Closed jonzarling closed 3 years ago
This would actually be more complex and more work; If a file isn't found....is it because it doesn't exist or isn't accessible? Okay, so now we need to check all locations. But what if because of some networking/internal issue the submit host can't access all locations? Do we try again? Do we just give up? I've thought a lot about it and this is a pandora's box.
This is not laborious or rather should not be. A simple query: SELECT DISTINCT RunNumber from Jobs where IsActive=0; or for more detail (e.g version Set) I can come up with a different query.
if you click on your project and sort the isActive to have the 0's up front you will see a list of all the jobs that failed due to missing random triggers. In fact the system will confirm it doesn't have the files before truly deactivating, otherwise it returns exit code 232 (I think it is 232). The system, before resubmitting any job whose last attempt fails with 232, confirms its existence or not.
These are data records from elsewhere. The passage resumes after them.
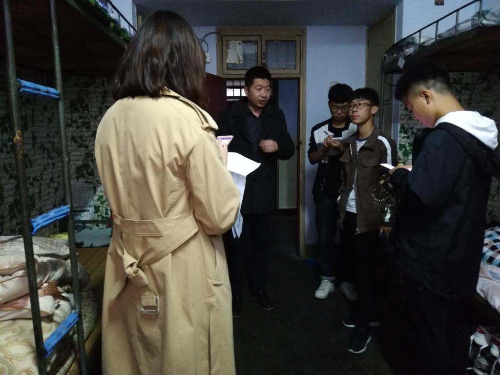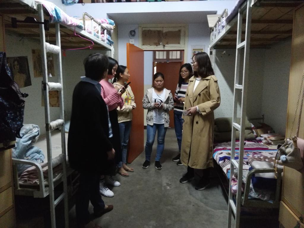 此次检查首先是男生宿舍,然后是女生宿舍。检查过程中发现多数寝室都能做到干净整洁,布置温馨,只有小部分细节需要改正;但是有部分寝室杂乱无章,物品摆放不到位,清洁卫生不过关。陈书记等在检查过程中多次对同学们指出生活用品摆放整齐、窗户洁净、地面保持干净等细节问题,并且多次强调宿舍安全问题,禁止使用大功率电器、使用床帘时应注意安全。
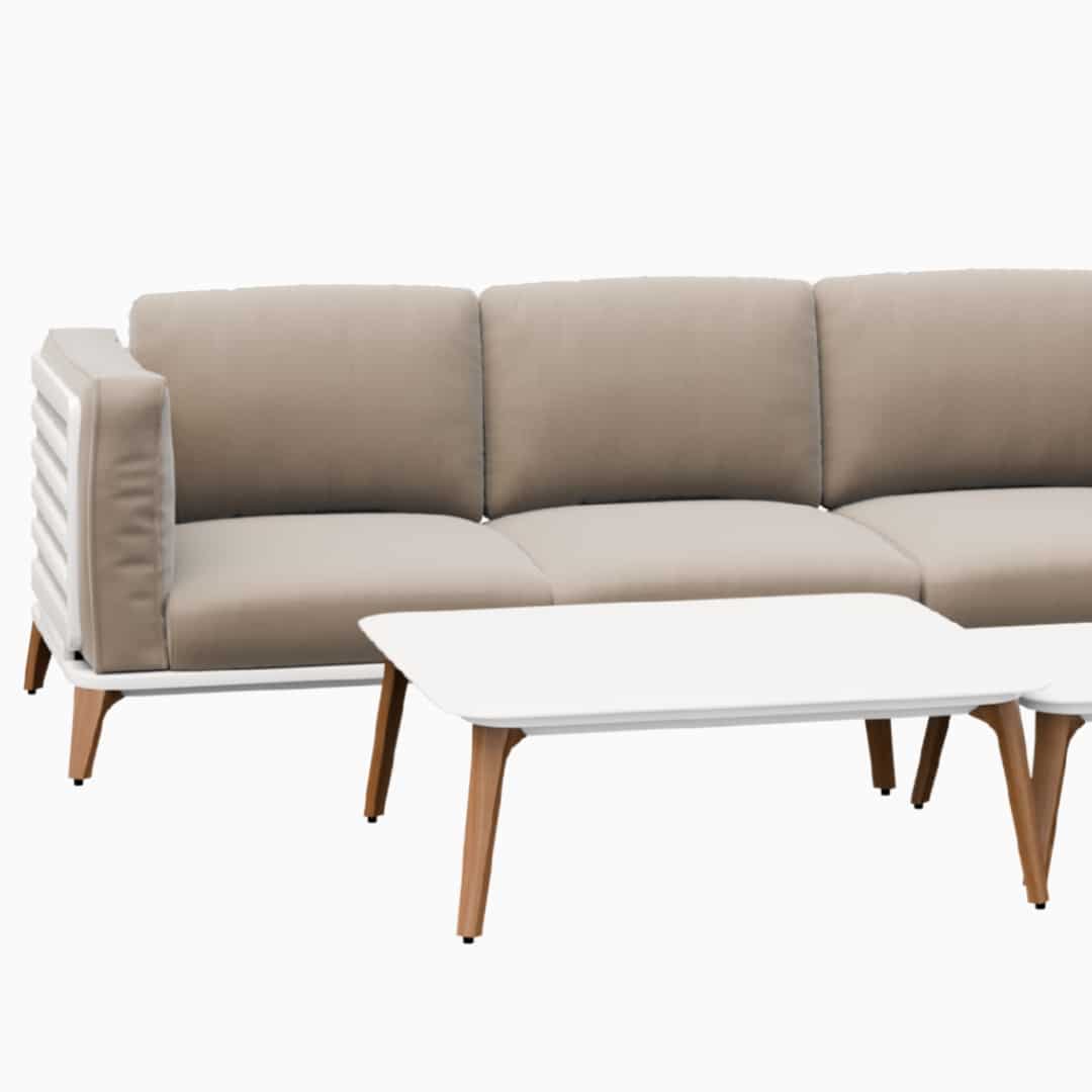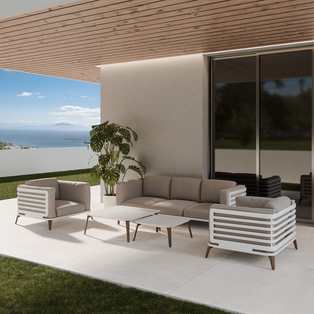 Conjunto de jardín exterior FERRARI en aluminio y madera sintética con sofá de 3 plazas, 2 sillones y mesa de centro. Diseño moderno, resistente a la intemperie y sin mantenimiento. Ideal para terrazas, porches y zonas chill out. ¡Disfruta del exterior con estilo y confort!
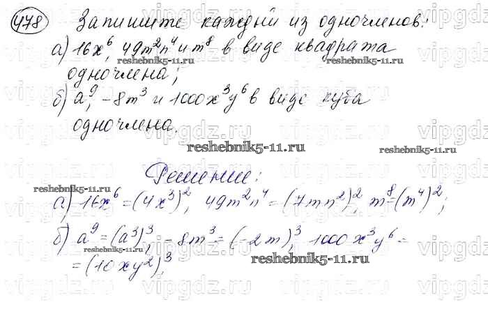 Готовая домашняя работа с ответами по Алгебре за 7 класс Макарычев, Миндюк, Нешков, Суворова Учебник Просвещение 2015 ФГОС - Упражнения 478

Having these, I would argue, makes it easy to find the missing random trigger files, versus people just not running some run numbers some times....
Had an oral discussion, which I'll summarize here. Basically if one is submitting to OSG then the back end will handle these sorts of issues, hence the scope of the issue is limited to other batch systems.
The easiest approach, at least for MCWrapper to handle, is adding a new table to the RCBD. One could then add a query to skip over runs without random triggers, as is already done for the "is_production" flag. This is an external change that would need to be discussed elsewhere.
For what it's worth, we are in the process of regenerating the random trigger files, so there shouldn't be any runs without random triggers.
So maybe it's easier to wait for that to be finished.
Ok, I'll close this under the assumption that we shouldn't have run holes in the future.
If one is on a system that can check to see whether random triggers exist for a given run or not, I think we need to add a default behavior to not submit jobs without random trigger files (assuming one is trying to fold these in). It becomes rather laborious to check whether jobs failed due to missing random triggers or due to some other error, seems that not submitting in the first place would be better.